The words echoed in his mind, reminding him to fight. With bleeding hands, he gripped his ego and forced the downward spiral to end. It felt as though his very brain were being dissolved, but he resisted. Fortunately, this consuming force wasn’t an active one. It was more like a side effect, a phenomenon made possible by its simple presence, like how water warped light. What he was fighting was an aspect of nature. No, a by-product. Such was this object’s presence that all it came into contact with could only be consumed. No, consume was the wrong word. It was Ending him.
After an unknown length of time, he felt the force pulling on him suddenly lessen. Still, he did not reduce his grip. Pieces of him that he’d lost slowly began to return to him. He hadn’t realized how hollow he’d been until he felt himself filling out. As he regained himself, he shuddered. Truly, this was dancing on a knife’s edge.
The force lessened still further, and more and more of him returned until he was once again himself. He sensed a glimmer of light at the edges of his perception. Soon, parts of him that weren’t even his own started getting pulled up by his actions.
Kai…po.
A name came to him. Images of a life he hadn’t lived flashed before him. Fragments formed a whole, far smaller than himself. This little identity was but a candle flickering in the wind, barely sheltered under his wings. He continued pulling, afraid that the flow would reverse if he stopped. He pulled, sucking up all the pieces of this human he could find. Then, he finally awoke.
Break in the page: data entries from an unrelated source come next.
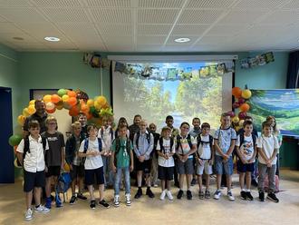 Nach den offiziellen Programmpunkten wurde es für die Kinder besonders spannend: Das erste Klassenfoto wurde aufgenommen, bevor sie gemeinsam mit ihren neuen Klassenlehrkräften – Herr Becker (5a), Herr Blasius (5b) und Frau Sieber (5c) – in die Klassenräume gingen und dort ihre allererste Stunde an der EKS erlebten.
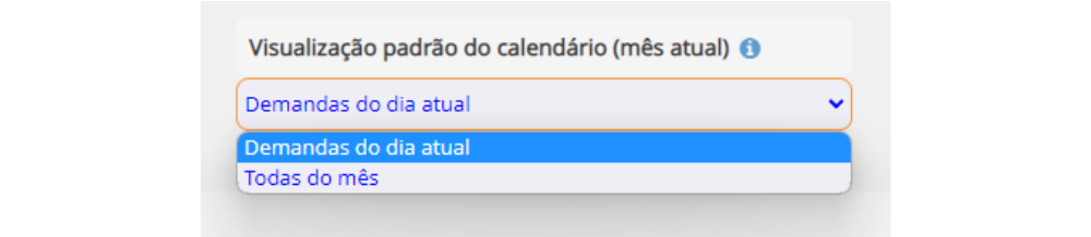 Agora a exibição ao abrir o calendário da Área VIP no mês atual pode ser personalizada entre "Demandas do dia atual" e "Todas do mês".
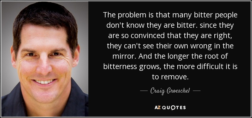 The problem is that many bitter people don't know they are bitter. since they are so convinced that they are right, they can't see their own wrong in the mirror. And the longer the root of bitterness grows, the more difficult it is to remove.
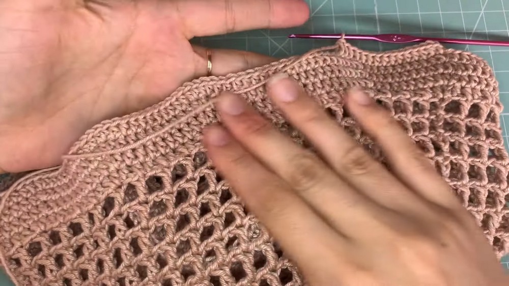 During these side rounds, you follow a specific chart to fill in a solid triangle in the middle while keeping the rest of the hat looking like a net.
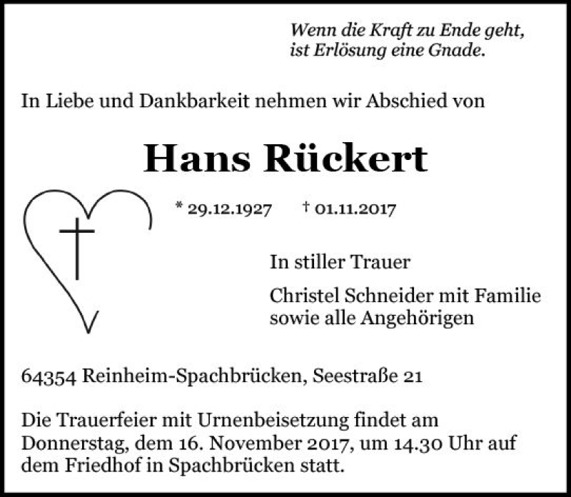 Hier finden Sie alle Traueranzeigen aus der Zeitung, die bisher für Johann Rückert erschienen sind. Weitere Traueranzeigen, die in der Zeitung erscheinen, werden hier ebenfalls aufgelistet
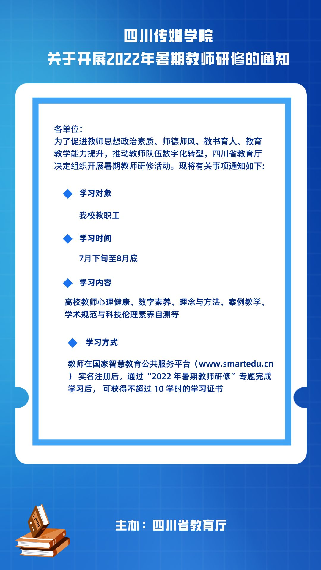 关于开展2022年暑期教师研修的通知
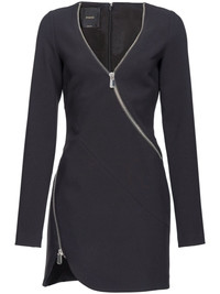 zipped crepe V-neck minidress Highlights - Black - Stretch-design - Zip detail - V-neck - Rear zip fastening - Long sleeves - Short side slit - Straight hem Made in Italy Composition Polyester 94%, Elastane 6%
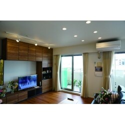 フローリングを新調し、押入れだった場所はリビングクローゼットへリフォーム。 照明は、よりスッキリとするダウンライトをご提案しました。 壁面収納は多彩なパーツやユニットを組み合わせて、お好みや収納するものに合わせて作ることができるパナソニック「キュビオス」を設置。 今回和室をなくしたため、キュビオスのプランはお仏壇が置けるよう設計しています。 無駄なスペースができないよう事前にお仏壇の寸法を測り、ぴったりと置くことができました。 明るい空間でゆったりとお寛ぎいただけるリビングになるようにイメージしてご提案しました。
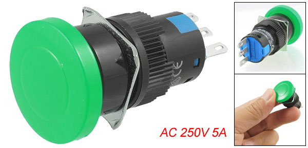 Item Name Push Button Switch Type Mushroom 1NO 1NC Momentary Contact Voltage AC 250V 5A Ith AC 220V 5A Button Color Green Button Diameter 2.3cm/ 0.9" Size 4.5 x 2.3cm / 1.8" x 0.9" (L*D) Material Plastic, Metal Net Weight 7g Package Content 1 x Push Button Switch - Reviews

Opening his eyes at last, he found himself in the position that he’d occupied before the ritual began. The incessant voices from the storm had quieted. The candles around the circle burned low on their wicks, and the orb that he held in his hand… had shattered. Pieces of glass littered his palm, remnants of the object. He tilted his hand, watching as they dropped to the floor, clinking. His suspicions were confirmed: the orb was simply a hollow container. Whatever was contained within it had vanished. But then where had it gone?
You have received the status effect: <???>
The burning orange symbols meant nothing to him, as always. He was shortly brought out of his deliberations by a voice.
“How could I… in my madness…”
It sounded out from behind him. He turned to find the necromancer kneeling before a torn cloth. A moment’s observation told him that the cloth was the same burial shroud that had once covered the body he now inhabited.
“Was my oath meaningless? Do I lack even that much resolve?”
Standing, the Ghoul approached. Hearing his movements, his mistress’s shoulders stiffened. Her voice rang out sharply.
“Stop! Do not come any closer.”
He stopped.
She didn’t say anything for a moment, but he could see her back shuddering as she breathed.
“Find something. Cover your—cover your face with something. Do not let me see your visage.”
Her voice lacked the same noble tenor that he’d grown used to. It sounded weaker, as if she were begging him to spare her some agony. The voice lacked something else, too—something he couldn’t quite place. Clearly, the ritual had sapped her.
The Ghoul looked around. There wasn’t much around. He could use the burial shroud, perhaps… but no, he would have to approach his mistress to retrieve that, and she might see his face.
Something was odd about this situation. At that moment, he realized the other thing that her voice now lacked. He paused, frowning. Her command held no compulsion for him. Until now, everything she’d said had been as if it were a creed from on high, but now he had a choice. A choice to obey or disobey.
He took a step closer, and she flinched.
“Stop!”
There was still nothing. No urge. Even her earliest command to “go and devour” had vanished from his list of compulsions.
What should he do? He maintained his other instincts. He felt his mouth salivating at the thought of hunting prey, rending flesh… but the woman in front of him? He stared at her figure that now seemed smaller than ever before, still hunched over the burial shroud, clutching the faded, tear-stained fabric. Tear-stained?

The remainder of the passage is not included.